Altatto

VALUTAZIONE

Cucina Moderna

16/20

OSPITALITÀ

16/20

PREGI
Linguaggio vegetale degnamente compiuto.
Percorso degustazione ben ideato.
DIFETTI
E’ chiuso sabato e domenica.

Il vegetale come lessico estraneo alle tendenze

La cucina vegetariana d’autore ha spesso sofferto di una forma di sospetto e minorità preventiva: quasi dovesse spiegarsi, giustificarsi, dimostrare di poter reggere il passo della grande tavola. Altatto, nella sua nuova sede milanese, evita questo equivoco con intelligenza e misura. Non cerca di emulare altri mondi, né di camuffare il vegetale in qualcos’altro facendone, invece, una lingua autonoma, precisa, adulta. Ed è forse proprio in questa scelta che risiede la vis più nitida del ristorante.

La sala – che dona su un pacificante giardino interno – ha un tono pulito, coerente con una cucina che rifugge l’enfasi e lavora per sottrazione, concentrazione e leggibilità del gusto. Il menu degustazione da nove portate si legge così come un percorso di progressiva messa a fuoco, non ridondante. C’è una sequenza che alterna consistenze, spinte aromatiche e registri differenti, mantenendo sempre una cifra di compostezza. È una cucina che non punta all’effetto e che preferisce la chiarezza alla seduzione immediata trovando proprio in questa disciplina la sua eleganza.

Un percorso ben costruito con interessanti cambi di ritmo

Fra i passaggi più eloquenti del percorso, Frumento è forse quello che meglio attesta la poetica della casa.

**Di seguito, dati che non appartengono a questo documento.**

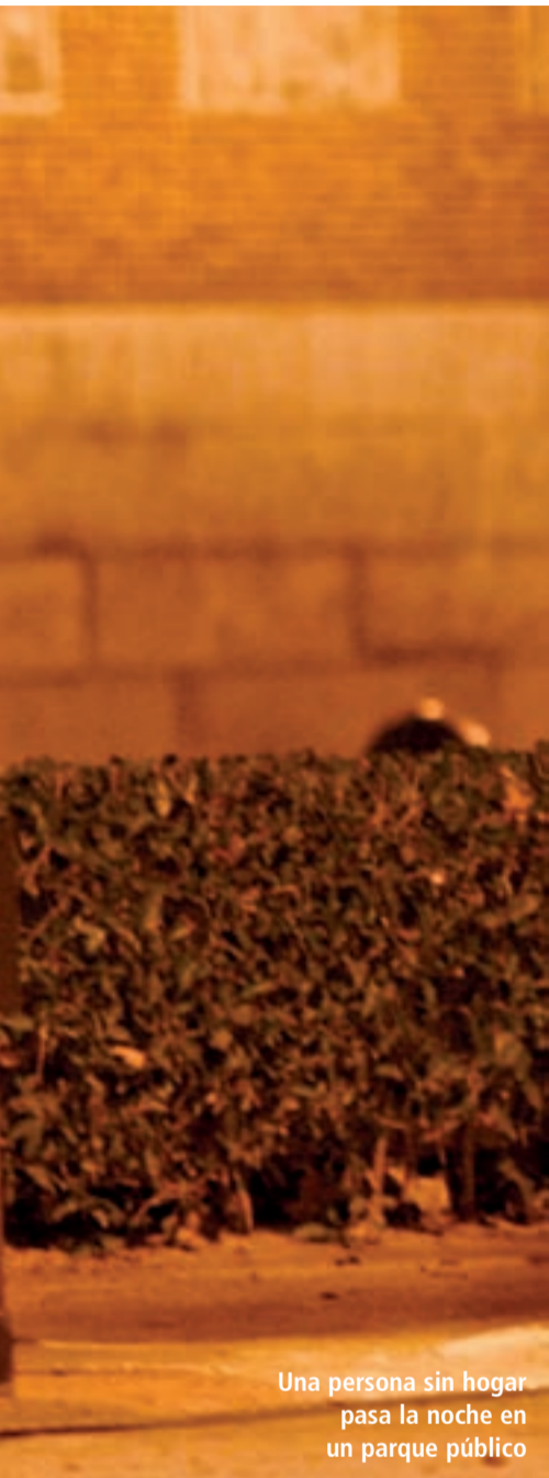
Una persona sin hogar pasa la noche en un parque público

Il riferimento al frumento alpino “Sur En”, all’orzo nudo e alla segale invernale di Teglio compone un piatto che ha il passo del paesaggio, prima ancora che della tecnica. Il cereale, qui, non è supporto ma racconto.

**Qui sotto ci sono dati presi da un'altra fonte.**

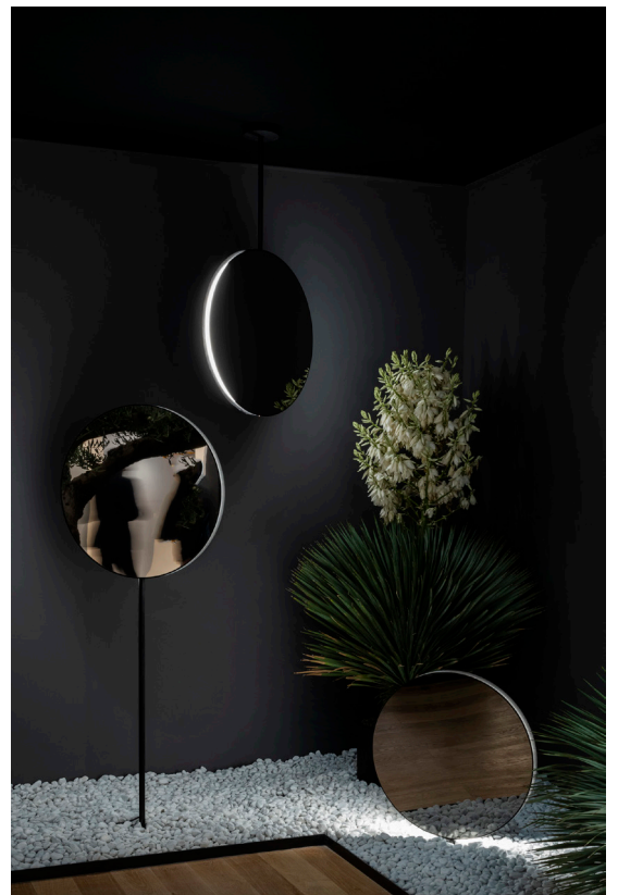
Se I eS.

Di tutt’altra matrice, eppure ugualmente riusciti, i Tagliolini fatti in casa con limone, scalogno e polvere di capperi, costruiti su un equilibrio molto netto fra acidità, dolcezza aromatica e sapidità. Il risultato è una tensione sottile, giocata su precisione e pulizia.

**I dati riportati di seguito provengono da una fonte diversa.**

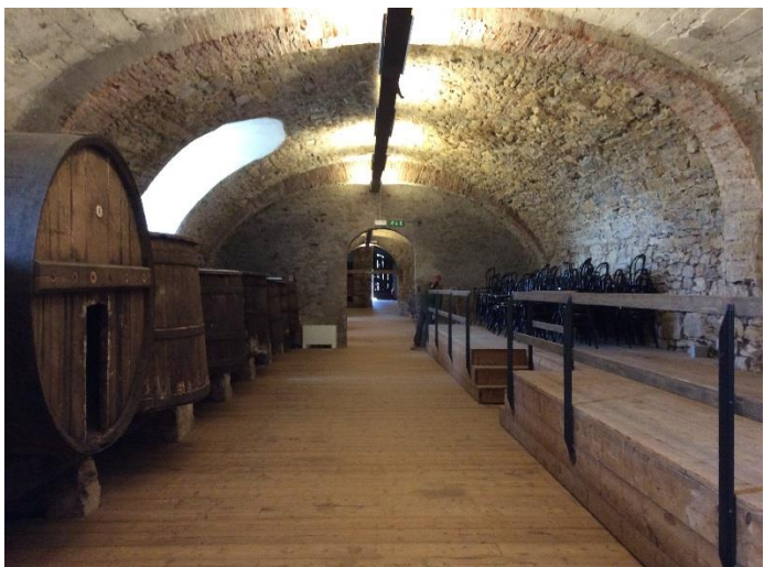
Cantina per sfilata, seconda sala

Il Sesamo, panato e fritto con combava e yuzu kosho, introduce invece il lato più nervoso e vibrante della cucina. La frittura porta materia e croccantezza, mentre agrumi e fermentazione incidono il piatto con una freschezza tagliente e contemporanea.

Il percorso degustazione lavora per nuances, intervallando densità e slanci, tocchi terrosi e spinte agrumate, comfort e scarto. Ogni piatto sembra cercare un proprio punto di equilibrio senza mai irrigidirsi in una formula, e proprio per questo il percorso evita con intelligenza la prevedibilità in cui, talvolta, inciampano le cucine vegetali più concettuali. Si avverte un’idea di sviluppo controllata, una cucina consapevole e raffinata, che può apparire fredda ma non lo è, costruita con rigore e senza compiacimenti intellettuali. Soprattutto, è una cucina che sta acquistando una identità più nitida.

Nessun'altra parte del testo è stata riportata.